Exercise requirements: Your answer must be an exact copy of the records below, with no pictures in it.
Data shown Start Marker
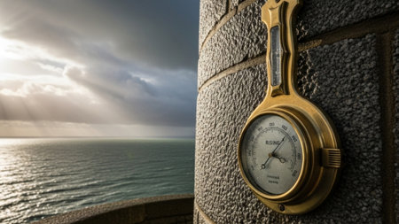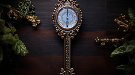 Panoramic ultrawide 16:9 cinematic photograph of a classic brass aneroid barometer mounted on the ex
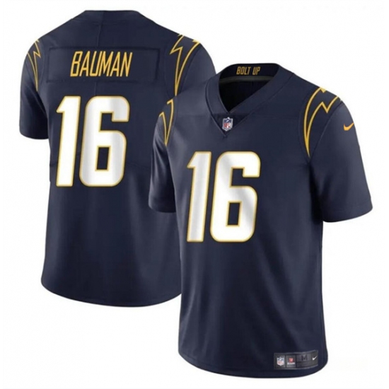 >Men's Los Angeles Chargers #16 Casey Bauman Navy 2024 Vapor Limited Football Stitched Jersey
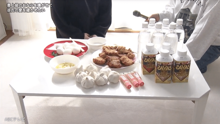 探偵局の医療顧問・谷先生曰く、クサいおならを出すためにはタンパク質の摂取が有効とのこと。ニンニクのオイル漬けとニンニクチューブ、鳥の唐揚げ、ゆで卵、プロテイン、炭酸水などを飲み食いした結果、確実におならのクサさがレベルアップした。依頼者も、特殊な装置で自分のおならのクサさを確認し、「痛いです!」「濃いです!」と手応えを感じているようだ。
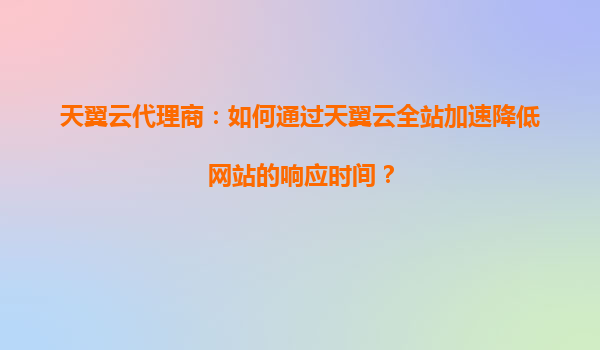 天翼云代理商指南:如何配置全站加速缓存策略以提升业务性能 一、天翼云全站加速的核心优势 天翼云作为中国电信旗下的云计算服务品牌,其全站加速(Enterprise...
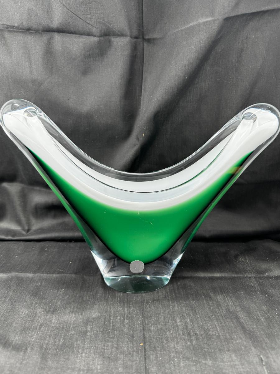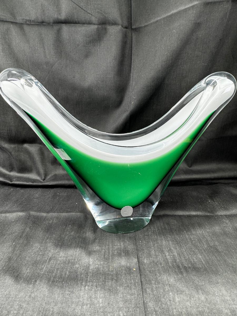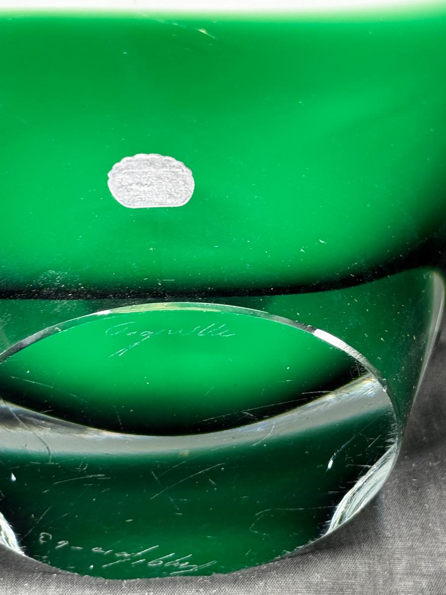 Flygsfors Coquille bowl, and it was created using the Sommerso technique. Paul Kedelv Green and white thick heavy glass
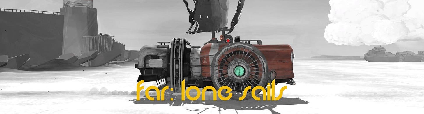 Uwielbiam gry doskonale odzwierciedlające powiedzenie "Jeden obraz jest wart więcej niż tysiąc słów", czyli produkcje, w których świat gry ma znacznie więcej do powiedzenia od dialogów. Mało tego - w niektórych z tych produkcji, jak w tym przypadku, dialogów nie ma zupełnie. Ale zamiast dialogów znajdziemy tu wspaniale wykreowany świat, w którym wydarzyło się... coś. Liczne wskazówki pozwalają domyślać się, co, ale w gruncie rzeczy to nieistotne. Znacznie ważniejsze jest to, że świat pozostały po tym wydarzeniu jest z jednej strony przesiąknięty zniewalającą pustką, a z drugiej strony - tak dużo w nim reliktów przeszłości opowiadających zadziwiająco ciekawą historię, którą chciałoby się poznać w pełni. Far: Lone Sails to mała, niezależna gra strategiczna polegająca na przemieszczaniu się steampunkowym pojazdem przez przepiękny, postapokaliptyczny świat okraszony cudowną oprawą AV. Podróż wymaga nie tylko regularnej konserwacji naszego... uh... okrętu? ciągnika...? - ale również gromadzenia porozrzucanych tu i ówdzie zapasów, ulepszania dostępnej machinerii oraz umiejętnego korzystania z pomyślnego wiatru wiejącego w tytułowe żagle. Jak w dobrej, choć krótkiej powieści, znacznie ważniejsza od celu jest tu samotna (ale nie cicha!) podróż. Bardzo się cieszę, że czytając recenzję drugiej części, postanowiłem zainteresować się jedynką, która tylko pogłębiła mój apetyt na Far: Changing Tides.
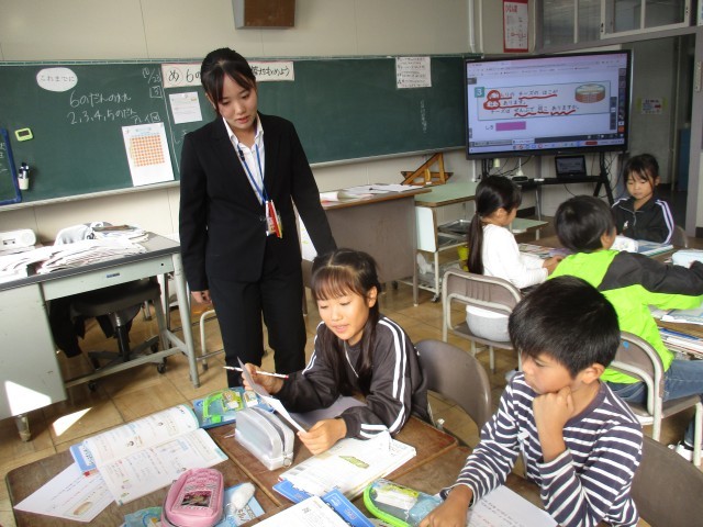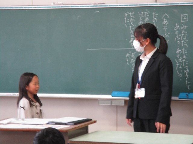 教育実習生が先生になるために実習を行っています。2年生に向けて、算数や道徳の授業を行いました。子どもたちも楽しく授業を受けていました。
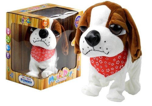 Interaktywny Piesek Szczeka Rusza Ogonkiem Sensory Jeśli Twoje dziecko od zawsze marzy o własnym zwierzaku - opiece nad nim, wychodzeniu na długie spacery, a przede wszystkim wspólnej zabawie, interaktywny piesek będzie doskonałym pomysłem. Zabawka ta pomoże Twojemu dziecku nabyć umiejętności niezbędne do posiadania własnego zwierzątka. Zabawa z pluszowym pisakiem nauczy go odpowiedzialności i sumienności w opiece, co będzie bardzo ważne w przyszłości. Zabawka posiada wiele zalet - piesek wesoło tańczy i śpiewa, co z pewnością będzie rewelacyjną frajdą dla każdego malucha. Brązowo-beżowy pies na smyczy wykonany jest z miękkiego i nietoksycznego, w 100% przyjaznego dla środowiska materiału, który jest bardzo przyjemny w dotyku. Zwierzak ma duże, ciemne oczy, wystający ogonek i duży nos, który delikatnie błyszczy. Ozdobiony jest czerwoną chusteczką, dodającą mu uroku. Zabawkowy piesek zapakowany jest w kolorowe pudełko z przezroczystą witrynką. Przeznaczony jest dla wszystkich dzieci, które ukończyły 3. rok życia. Piesek posiada certyfikat CE, co jest potwierdzeniem, że spełnia wymagania dyrektyw Unii Europejskiej. Jest to bardzo bezpieczna zabawka, pozbawiona ostrych elementów. Do zabawy z pieskiem potrzebujecie 4 sztuk baterii "AA". Wymiary zabawki: 22 cm x 24 cm x 11 cm Wymiary opakowania: 22 cm x 24 cm x 17 cm
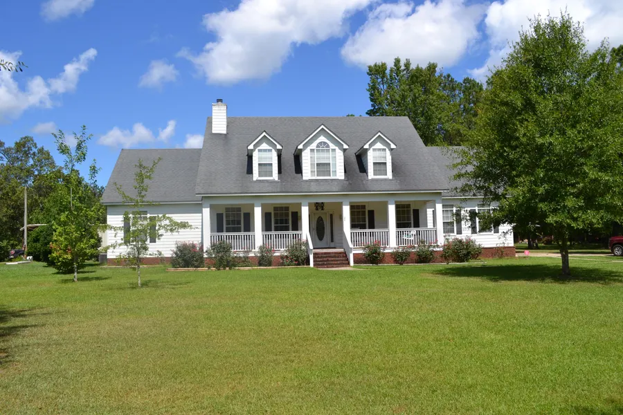 This Beautiful country home sits on 9 (+-) acres. Built in 2009 the home has approx. 2642 Sq.Ft. and has two stories with all the modern features. The living room has beautiful crown molding with 9-foot ceilings and a stone fireplace with gas logs, beautiful mantle and custom drapes. Coming from the den into the kitchen/dining room the kitchen has granite countertops and Tile backsplash with plenty of counterspace and a breakfast bar. The den, master bedroom and the stairs have gorgeous hardwood floors. Master bedroom has custom shades and beautiful drapes, and adjoining bath with walk-in shower a new custom-built double vanity and granite countertop, with a huge linen closet and his and hers closet. Downstairs has three bedrooms and two baths and upstairs there are two bedrooms with some new carpet and a huge, lovely bath. The area over the garage the owner has insulated it so you could...
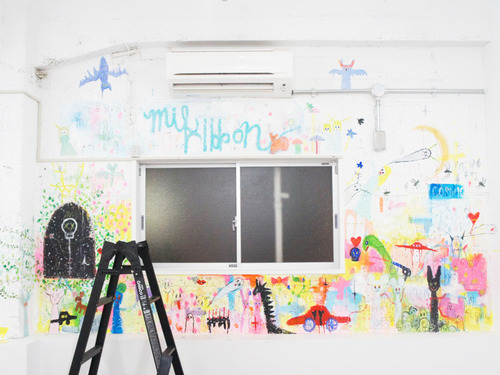 壁には、オープン記念イベントのときに描かれたライブペインティングの作品が!パステルカラーがキレイですね!
Data shown End Marker
Exercise result:
 Panoramic ultrawide 16:9 cinematic photograph of a classic brass aneroid barometer mounted on the ex
 >Men's Los Angeles Chargers #16 Casey Bauman Navy 2024 Vapor Limited Football Stitched Jersey
 探偵局の医療顧問・谷先生曰く、クサいおならを出すためにはタンパク質の摂取が有効とのこと。ニンニクのオイル漬けとニンニクチューブ、鳥の唐揚げ、ゆで卵、プロテイン、炭酸水などを飲み食いした結果、確実におならのクサさがレベルアップした。依頼者も、特殊な装置で自分のおならのクサさを確認し、「痛いです!」「濃いです!」と手応えを感じているようだ。
 天翼云代理商指南:如何配置全站加速缓存策略以提升业务性能 一、天翼云全站加速的核心优势 天翼云作为中国电信旗下的云计算服务品牌,其全站加速(Enterprise...
 Flygsfors Coquille bowl, and it was created using the Sommerso technique. Paul Kedelv Green and white thick heavy glass
 Uwielbiam gry doskonale odzwierciedlające powiedzenie "Jeden obraz jest wart więcej niż tysiąc słów", czyli produkcje, w których świat gry ma znacznie więcej do powiedzenia od dialogów. Mało tego - w niektórych z tych produkcji, jak w tym przypadku, dialogów nie ma zupełnie. Ale zamiast dialogów znajdziemy tu wspaniale wykreowany świat, w którym wydarzyło się... coś. Liczne wskazówki pozwalają domyślać się, co, ale w gruncie rzeczy to nieistotne. Znacznie ważniejsze jest to, że świat pozostały po tym wydarzeniu jest z jednej strony przesiąknięty zniewalającą pustką, a z drugiej strony - tak dużo w nim reliktów przeszłości opowiadających zadziwiająco ciekawą historię, którą chciałoby się poznać w pełni. Far: Lone Sails to mała, niezależna gra strategiczna polegająca na przemieszczaniu się steampunkowym pojazdem przez przepiękny, postapokaliptyczny świat okraszony cudowną oprawą AV. Podróż wymaga nie tylko regularnej konserwacji naszego... uh... okrętu? ciągnika...? - ale również gromadzenia porozrzucanych tu i ówdzie zapasów, ulepszania dostępnej machinerii oraz umiejętnego korzystania z pomyślnego wiatru wiejącego w tytułowe żagle. Jak w dobrej, choć krótkiej powieści, znacznie ważniejsza od celu jest tu samotna (ale nie cicha!) podróż. Bardzo się cieszę, że czytając recenzję drugiej części, postanowiłem zainteresować się jedynką, która tylko pogłębiła mój apetyt na Far: Changing Tides.
 教育実習生が先生になるために実習を行っています。2年生に向けて、算数や道徳の授業を行いました。子どもたちも楽しく授業を受けていました。
 Interaktywny Piesek Szczeka Rusza Ogonkiem Sensory Jeśli Twoje dziecko od zawsze marzy o własnym zwierzaku - opiece nad nim, wychodzeniu na długie spacery, a przede wszystkim wspólnej zabawie, interaktywny piesek będzie doskonałym pomysłem. Zabawka ta pomoże Twojemu dziecku nabyć umiejętności niezbędne do posiadania własnego zwierzątka. Zabawa z pluszowym pisakiem nauczy go odpowiedzialności i sumienności w opiece, co będzie bardzo ważne w przyszłości. Zabawka posiada wiele zalet - piesek wesoło tańczy i śpiewa, co z pewnością będzie rewelacyjną frajdą dla każdego malucha. Brązowo-beżowy pies na smyczy wykonany jest z miękkiego i nietoksycznego, w 100% przyjaznego dla środowiska materiału, który jest bardzo przyjemny w dotyku. Zwierzak ma duże, ciemne oczy, wystający ogonek i duży nos, który delikatnie błyszczy. Ozdobiony jest czerwoną chusteczką, dodającą mu uroku. Zabawkowy piesek zapakowany jest w kolorowe pudełko z przezroczystą witrynką. Przeznaczony jest dla wszystkich dzieci, które ukończyły 3. rok życia. Piesek posiada certyfikat CE, co jest potwierdzeniem, że spełnia wymagania dyrektyw Unii Europejskiej. Jest to bardzo bezpieczna zabawka, pozbawiona ostrych elementów. Do zabawy z pieskiem potrzebujecie 4 sztuk baterii "AA". Wymiary zabawki: 22 cm x 24 cm x 11 cm Wymiary opakowania: 22 cm x 24 cm x 17 cm
 This Beautiful country home sits on 9 (+-) acres. Built in 2009 the home has approx. 2642 Sq.Ft. and has two stories with all the modern features. The living room has beautiful crown molding with 9-foot ceilings and a stone fireplace with gas logs, beautiful mantle and custom drapes. Coming from the den into the kitchen/dining room the kitchen has granite countertops and Tile backsplash with plenty of counterspace and a breakfast bar. The den, master bedroom and the stairs have gorgeous hardwood floors. Master bedroom has custom shades and beautiful drapes, and adjoining bath with walk-in shower a new custom-built double vanity and granite countertop, with a huge linen closet and his and hers closet. Downstairs has three bedrooms and two baths and upstairs there are two bedrooms with some new carpet and a huge, lovely bath. The area over the garage the owner has insulated it so you could...
 壁には、オープン記念イベントのときに描かれたライブペインティングの作品が!パステルカラーがキレイですね!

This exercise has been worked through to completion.